──────── Input data

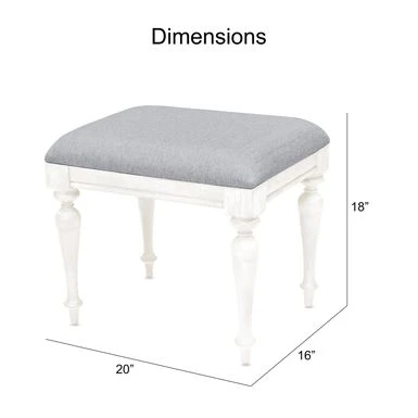 - Vanity Stool Dimensions: Â 18 inches high x 20 inches wide x 16 inches deep
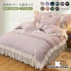 フリル付きベッドスカート 4点セット 寝具 洗える 布団カバー ベッドカバー シーツ 枕カバー リボン付き 切り替え 夏用 お姫様気分 姫系 可愛い
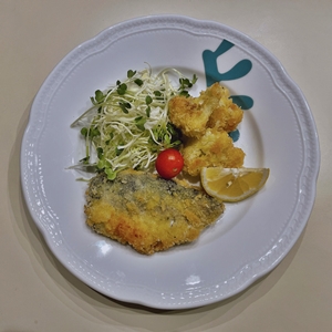 鯵とカリフラワーのフライ 今日の夕飯のメインは鯵とカリフラワーのフライ。 鯵のフライが美味しいのは分かっているが、意外と知られていないのがカリフラワーのフライではないか? でも、これが美味い。 大満足でした。
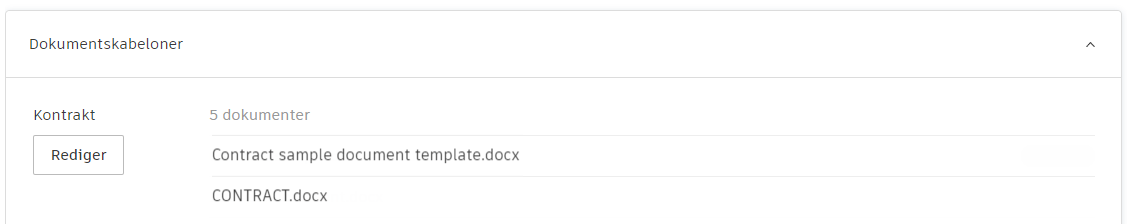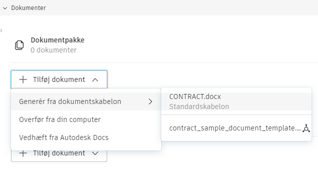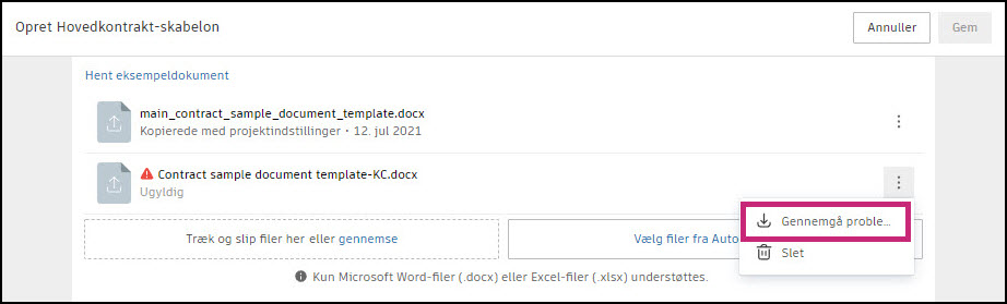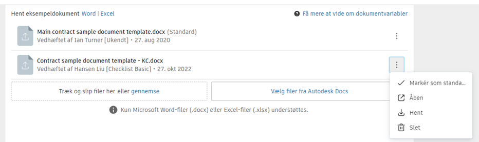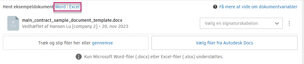 Under processen med at oprette dokumentskabeloner kan du hente og redigere et eksempel på en dokumentskabelon. Det gør du ved at vælge Word eller Excel for at hente en Word- eller Excel-fil, der kan tilpasses.
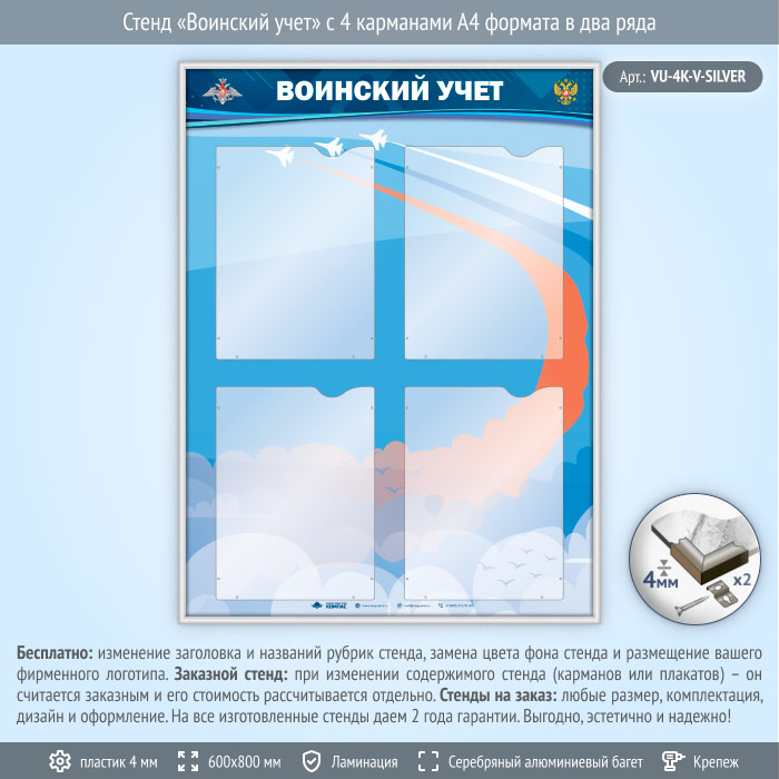 Стенд «Воинский учет» с 4 карманами А4 формата в два ряда (VU-4K-V-SILVER) в Твери купить
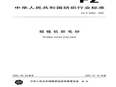 本标准规定了粗梳机织毛纱的技术要求、试验方法、验收规则、包装和标志等技术特征。本标准适用于鉴定粗梳机织纯毛、毛混纺、毛型化纤机织毛纱的品质。 FZ/T 22002-2002 粗梳机织毛纱 FZ/T22002-2002 标准下载解压密码:www.bzxz.net
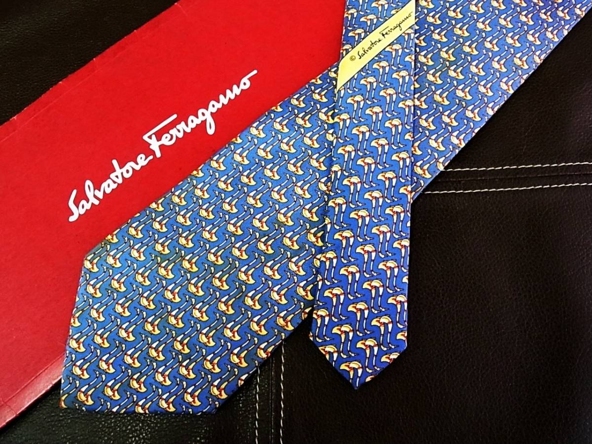 - 【在庫処分セール】5-7169z■フェラガモ【アヒル・鳥】ネクタイ
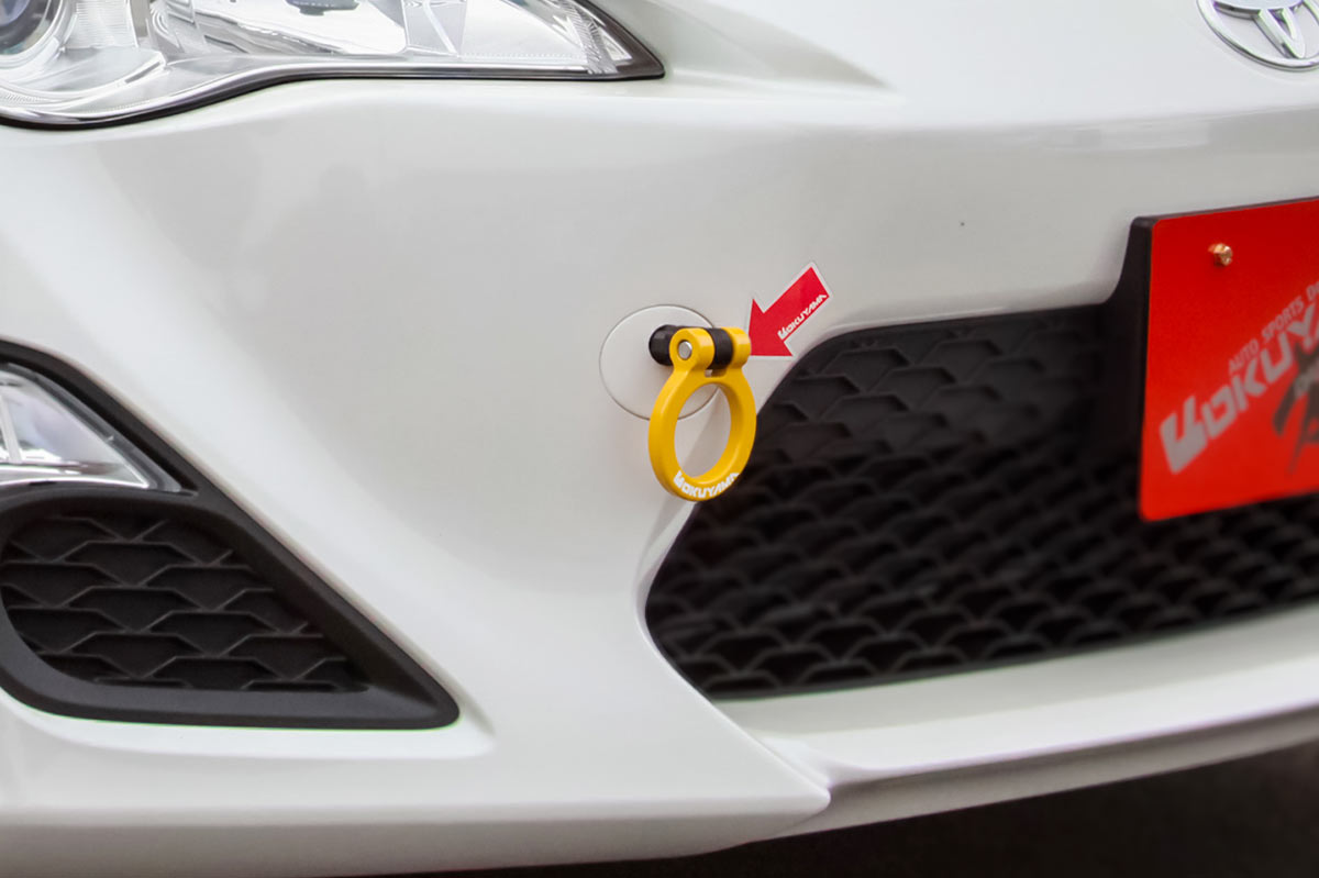 純正の牽引フック取付け穴へ装着するタイプのスチール製 首振りトーイングフック。折り曲げることで装着したままでも公道走行が可能です。

────────────────

For this exercise, copy the entries above exactly and skip any picture.

*Task solution*:
 - Vanity Stool Dimensions: Â 18 inches high x 20 inches wide x 16 inches deep
 フリル付きベッドスカート 4点セット 寝具 洗える 布団カバー ベッドカバー シーツ 枕カバー リボン付き 切り替え 夏用 お姫様気分 姫系 可愛い
 鯵とカリフラワーのフライ 今日の夕飯のメインは鯵とカリフラワーのフライ。 鯵のフライが美味しいのは分かっているが、意外と知られていないのがカリフラワーのフライではないか? でも、これが美味い。 大満足でした。
 Under processen med at oprette dokumentskabeloner kan du hente og redigere et eksempel på en dokumentskabelon. Det gør du ved at vælge Word eller Excel for at hente en Word- eller Excel-fil, der kan tilpasses.
 Стенд «Воинский учет» с 4 карманами А4 формата в два ряда (VU-4K-V-SILVER) в Твери купить
 本标准规定了粗梳机织毛纱的技术要求、试验方法、验收规则、包装和标志等技术特征。本标准适用于鉴定粗梳机织纯毛、毛混纺、毛型化纤机织毛纱的品质。 FZ/T 22002-2002 粗梳机织毛纱 FZ/T22002-2002 标准下载解压密码:www.bzxz.net
 - 【在庫処分セール】5-7169z■フェラガモ【アヒル・鳥】ネクタイ
 純正の牽引フック取付け穴へ装着するタイプのスチール製 首振りトーイングフック。折り曲げることで装着したままでも公道走行が可能です。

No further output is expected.